This is going to be a more technical blog post: I'm documenting the work of putting together a locally based large language model (LLM) to help me with recipes and cooking. You can read my last post for details.
Using Open WebUI has been a good choice, but there are some glaring limitations in using LLMs once you start using them in earnest. The biggest one is that LLMs have no memory. This is a problem for me, because I want my LLM to be able to understand my context: I have a rice cooker, I prefer steaming things in the microwave to boiling or blanching, I have this food in the fridge. I don't want to have to keep telling it this.
This is a good place to start talking about how LLMs work and give a brief rundown of the internals. The underlying architecture of LLMs and generative AI is really interesting once you get into it, and it should explain why I'm doing it this way.
How LLMs Work
A large language model is basically a stateless function that consumes text as an input and produces text as an output. It does this by converting words and symbols into tokens, each token represented by a multi-dimensional set of numbers. An LLM consumes text by placing it into the context window, but that is limited to a set number of tokens, and larger context windows take far more time and processing power to execute.

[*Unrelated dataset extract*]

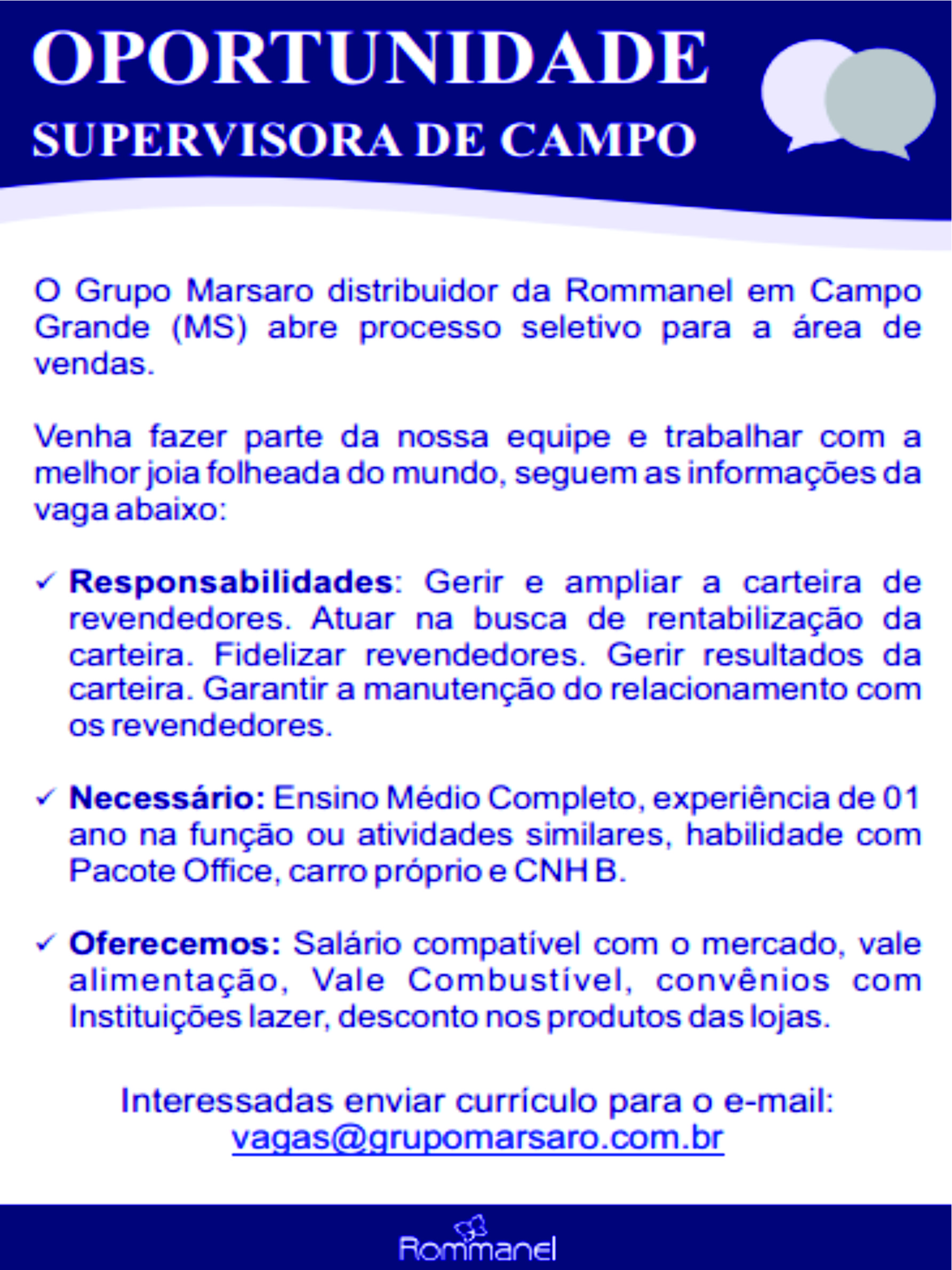 O Grupo Marsaro distribuidor da Rommanel em Campo Grande (MS) abre processo seletivo para a área de vendas.

When you hold a conversation with an LLM, every single message in the chat is sent to the context window of the LLM for processing. It does not hold the previous messages in memory – it must read through the entire thing over again, every time. This has consequences: there's an upper limit to how long your conversations can be, and the more you talk, the more text there is for the LLM to process and the slower it gets.
graph TD
A[New Input] --> B
B --> C{LLM Processing}
subgraph Context Window
B[New Input Message]
D[System Message<br>'You are a helpful assistant...']

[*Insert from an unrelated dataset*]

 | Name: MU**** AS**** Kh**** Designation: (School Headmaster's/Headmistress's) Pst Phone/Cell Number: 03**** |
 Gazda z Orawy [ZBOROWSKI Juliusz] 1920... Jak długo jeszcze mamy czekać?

E[Previous User Message 1]
F[Previous LLM Response 1]
G[Current User Message]
end
D --> C
E --> C
F --> C
G --> C
C --> H[Token Generation]
H --> I[LLM Response Output]
style B fill:#f0f0f0,stroke:#333
style C fill:#e1f5fe,stroke:#0288d1
style D fill:#e8f5e9,stroke:#4caf50
style H fill:#fff3e0,stroke:#ff9800
There is no memory outside of this. If it's not in the context window, it doesn't exist.

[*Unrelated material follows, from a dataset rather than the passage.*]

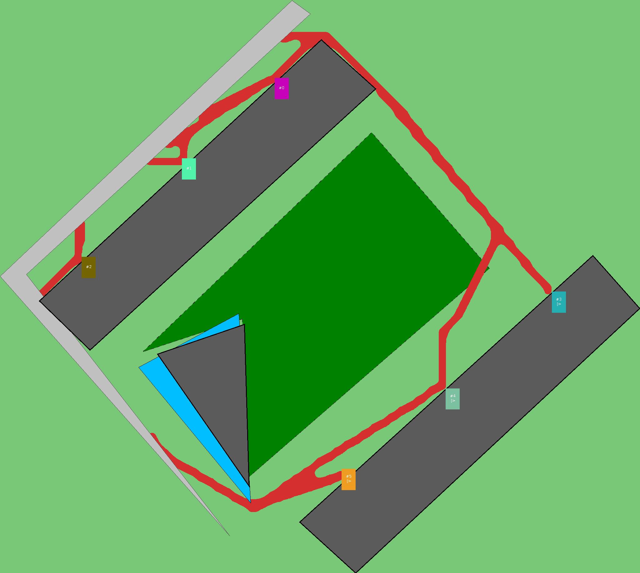 Красным цветом показаны места, где, вероятнее всего, появятся стихийные тропы..

So, how do LLMs do things on their own if they can only produce text? As far as I know (and I am still learning this), there are two strategies: they can talk to the program running the LLMs, and they can talk to themselves. Between these two options, LLMs can essentially fake memory.
Function Calling
When the LLM produces a message intended for to be processed by the program, that is called a tool message. Usually the tool message is set up in the form of structured output like JSON, and contains the method and arguments that the LLM would like the program to execute on its behalf. Once the tool is executed, the result is passed back to the LLM (again, in structured text output), and the LLM then produces a response back to the user, or makes other tool calls as appropriate.
sequenceDiagram
participant User
participant LLM
participant Environment
User->>LLM: Task Input
Note over LLM: Analyze task and<br/>determine tool needed
LLM->>Environment: Tool Call {function, args}
Note over Environment: Execute function<br/>with arguments
Environment->>LLM: Tool Result
Note over LLM: Process result and<br/>formulate response
LLM->>User: Final Response
This approach is called function calling and usually requires the LLM to be sufficiently advanced (at least 3 billion parameters) enough to understand what tools it has, and how and when to call them appropriately. There are some LLMs, such as Hermes 3, that explicitly tout their ability to do function calling reliably, and there is even a function calling leaderboard.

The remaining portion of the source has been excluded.